Five ways of reducing clothing’s impact on the environment

The impact of the clothing industry on the environment is massive and not in a good way. In fact, it’s one of the most polluting industries. Sustaining the creativity, beauty, and glamour typically associated with the industry are huge amounts of water, pesticides, chemicals, and fossil fuels. Globalisation and consumerism have further exacerbated the ecological impact resulting from the production process and transport of clothing. 

To give an example, a simple cotton T-shirt requires some 2000 litres of water and a huge amount of pesticides just for the cotton it is made from to be produced. Add to that the hazardous chemicals required to dye the fabric, that can end up (untreated) in rivers and/or the sea, as well as the amount of fossil fuels needed to transport fabrics and clothing from different points around the globe – and that’s not all. Washing and disposal of clothing further contributes, in no minor way, to the degradation of the environment.

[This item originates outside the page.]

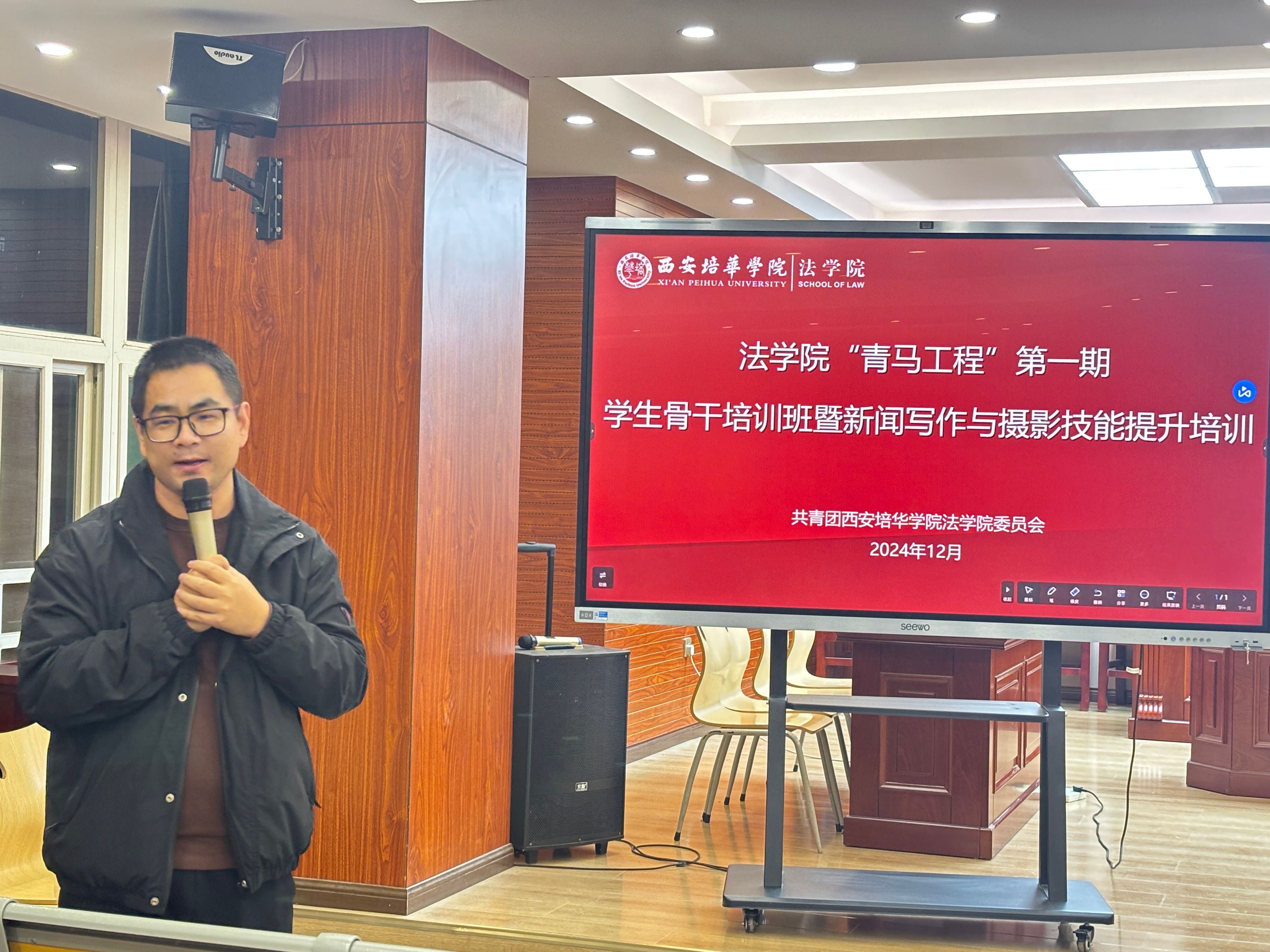 为了促进各班宣传委员的新闻稿写作与摄影技术能力的提升,我院特邀新媒体中心吕晓东老师开展法学院“青马工程”第一期学生骨干培训班暨新闻写作与摄影技能提升培训,于12月2日在1609B模拟法庭进行,法学院各班宣传委员参加培训。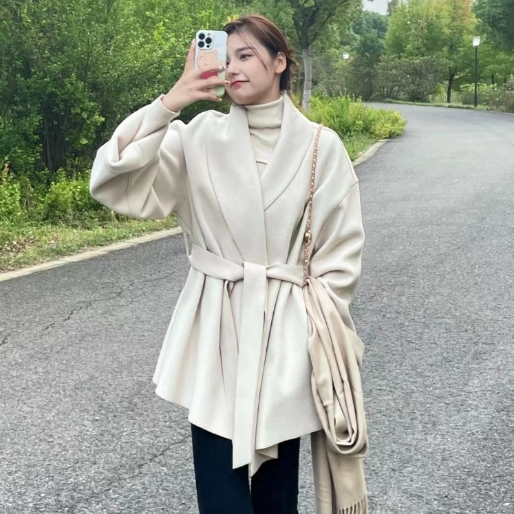 反季清仓秋冬双面羊绒大衣女简约高端气质款小个子西装毛呢外套

What can we do about it? Like all other industries, the clothing industry is driven by demand, at times a demand it creates itself but nonetheless, consumers, together, have the power to turn the industry into a more environmentally sustainable one. Here are a few ways how we can contribute.

Quality over quantity

Fast fashion is all about disposable clothing. Poor quality and mass-production make it possible to sell clothes very cheaply promoting a culture whereby clothes, being easily replaceable, are worn once or twice and then thrown away. As more clothes need to be produced and disposed of, more resources are required causing ever more pollution. Although not buying any clothes is as unrealistic an option as not using your car, buying less pieces but which are more durable (and inevitably costlier) will help reduce the pressure on the environment both as a result of a lower production and less clothes to be disposed of.

Natural rather than synthetic fabrics

All fabrics pose environmental challenges in their production. The most widely available fabric, cotton, even if organic, uses a disproportionately huge amount of water for its yield – the second after corn. However, despite the pressure on water resources and the pesticides used to increase production, unlike synthetic fabrics, such as polyester and nylon which are made from plastics, natural fabrics are biodegradable causing less damage when disposed of. Opting for organic fabrics will also help in reducing the amount of pesticides used.

Clothes that are made closer to home

The ease with which fabric and clothing can be transported from one part of the world to the other for the next process to take place is one of the major contributors to pollution. Cotton from Mali can be transported to Indonesia, where it is dyed, then onto the Philippines where the actual garment is sewn together, then to a location in Europe for distribution to the actual retail location. By opting for clothes that are actually produced closer to home, we can help in cutting on the distances that the clothing travels, at least from the point of production to distribution.

Wash clothes less frequently

That’s a tough one, especially with summer approaching. However, considering the toxic chemicals found in the detergents we use, the energy used in running the washing machine, ironing, and the amount of fine fabric threads that end up in the sea, every cycle is damaging on the environment. So is dry cleaning. Using lower temperatures and eco-friendly detergents will help reduce the environmental impact of your washing, as well as help preserve the clothes’ original quality. However, even more effective is not washing clothes if they can afford to be worn another time or just hanging them by the shower. Steam is a great cleaning agent.

 

Don’t just throw away clothes you no longer want to wear. Depending on their condition, they could be donated to charity. The SPCA will also be happy to receive old towels and bed linen. Use old T-Shirts as pyjamas or dusters. The disposal of clothes has a huge impact on the environment and should therefore, be minimised as much as possible.